P.S. special note: Thank you to my super man, Chuckie, who outgrew his cape when we were kids, for hanging in there and doing all the things I couldn’t do, and his Lois Lane for always being ready with hot tea and hot towels and for taking such great care of Sir Finn.
I’m not a fan of lists but I decided to compose this one for that small group of people group of small people, rather, who seem to be in need of a bit of reassurance.
P.S. THIS POST “AIN’T” ANONYMOUS. If anything about it offends (or resembles) you, then you are cordially invited to kiss my ass. Too strong? Ok, and I would never invite a coward under my clothes anyway -so, let me change that… you are cordially invited to cowgirl up and contact me for a personal one on one, adult size conversation.
NUMBER 1–I am not a security officer—I’ve paid my dues cupcake, I carry gun(s), not flashlights.
NUMBER 2–I do not sit with my feet propped up on desks—I’m too professional (and too cute) for that. Were my feet on the desk when I interviewed you during that investigation you were involved in sugar-doodle?
NUMBER 3–There are very specific, potentially life-saving, rules and laws about what one should do while driving. For example, one should never send and/or receive text messages while operating a motor vehicle. If I am asked to drive so that messages, emails and/or phone calls can be made and/or returned, in a timely manner, I have absolutely no problem doing so. Did I mention that I am a trained defensive driver, and I can navigate through traffic in a crisis situation with ease and reliability, sweetie pie?
NUMBER 4–I am a true “mother hen”, and sometimes that means sitting outside the henhouse, looking in.— Butter cup, there’s a lot to be said about tip lines, surveillance cameras and social media when it comes to detection, prevention and protection.
NUMBER 5–Officers who rotate between schools are typically from one of three pools, sweet cheeks… (1) not enough officers to have one at each school, (2) so good that he or she is capable of covering and acting as a rover/back up officer for the other officers or (3) the officer has been removed from a campus because of inappropriate or questionable behavior and placed in a “rotator” position.
NUMBER 6–My pockets, in no way, resemble my qualifications which are clearly verified by my years in service, my boots on the ground experience and my resume’, booboo kitty.
NUMBER 7–Unlike several of you who have an issue (with everything), I am a tax paying citizen of this community— I’ve lived here well over 20 years sweet pea.

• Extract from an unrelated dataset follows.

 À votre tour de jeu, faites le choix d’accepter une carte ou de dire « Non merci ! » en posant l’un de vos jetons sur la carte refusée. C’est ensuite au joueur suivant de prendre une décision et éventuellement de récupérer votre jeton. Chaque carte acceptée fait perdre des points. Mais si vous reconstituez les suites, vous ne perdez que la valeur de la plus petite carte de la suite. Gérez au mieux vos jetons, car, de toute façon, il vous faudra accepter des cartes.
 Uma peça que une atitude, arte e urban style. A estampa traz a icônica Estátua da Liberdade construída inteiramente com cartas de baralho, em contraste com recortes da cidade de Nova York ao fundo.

NUMBER 8–My unmarked vehicle and my plainclothes status are by design. I can assure you that people are more willing to talk to me when I’m driving a Honda and wearing a business suit than they are when I’m in full police garb and a patrol car. Check the stats muffin!
Bottom line— I smile and speak when I see you because it’s obvious that it sucks to be you but please don’t let the smooth taste fool you. I promise I can be 10 times nastier than you and your entire little group of conspirators combined!